Third, we simulated only one of the best situations for cup and stem alignment or design, so that we could investigate the influence of deviation of the coordinate system reconstructed by two different methods on the measurement of implant orientation. Therefore, if a different postoperative implant orientation is evaluated, it is possible that the results will differ, so further research is necessary to determine the influence of these factors.

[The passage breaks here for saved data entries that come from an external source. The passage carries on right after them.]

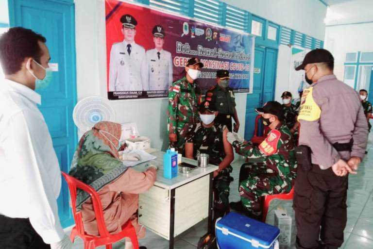 Kapten Inf Hasan Efendi selaku Dan SSK 2 mengemukakan,kami selalu bersinergi dengan Polri dan tenaga kesehatan Puskesmas dalam gebyar Vaksinasi Covid-19 agar terhindar dari penyebaran Covid-19.
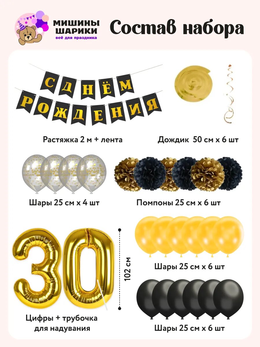 Купить Набор воздушных шаров для фотозоны на день рождения с цифрой 30 лет
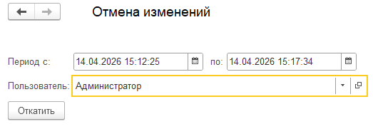 Данная обработка выполняет переход на предыдущие версии объектов при включенном версионировании. Отбор объектов выполняется по времени изменения и автору.
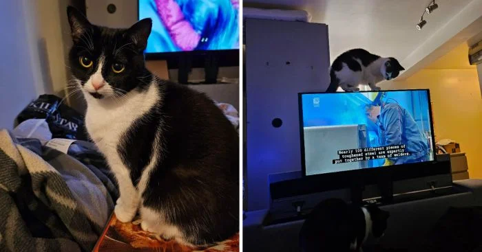 Минерва научилась нажимать кнопку, чтобы выключить телевизор и разбудить меня. А Афина просто забирается на него сверху.

Fourth, one examiner chose RPs to construct both preoperative and postoperative coordinate systems of 3D bone models from CT images. Intraobserver error was less than interobserver error for both M1 and M2. Therefore, accuracy may be worse when two different examiners conduct planning and postoperative assessment than it is when same person performs both evaluations.

Conclusion

We investigated the influence of two manual methods for reconstruction of the postoperative pelvic and femoral coordinate systems on the findings regarding implant orientations after THA as assessed on CT images. M2 appears to be accurate for postoperative evaluation of acetabular cup orientation. We recommend referring to preoperative RPs when choosing postoperative RPs. Surgeons must be aware that for evaluation of postoperative stem anteversion, manual methods may produce considerable error.

Declaration of interest

The authors report no declarations of interest.

Acknowledgements

Medical editor Katharine O'Moore-Klopf, ELS (East Setauket, NY, USA) provided professional English-language editing of this article.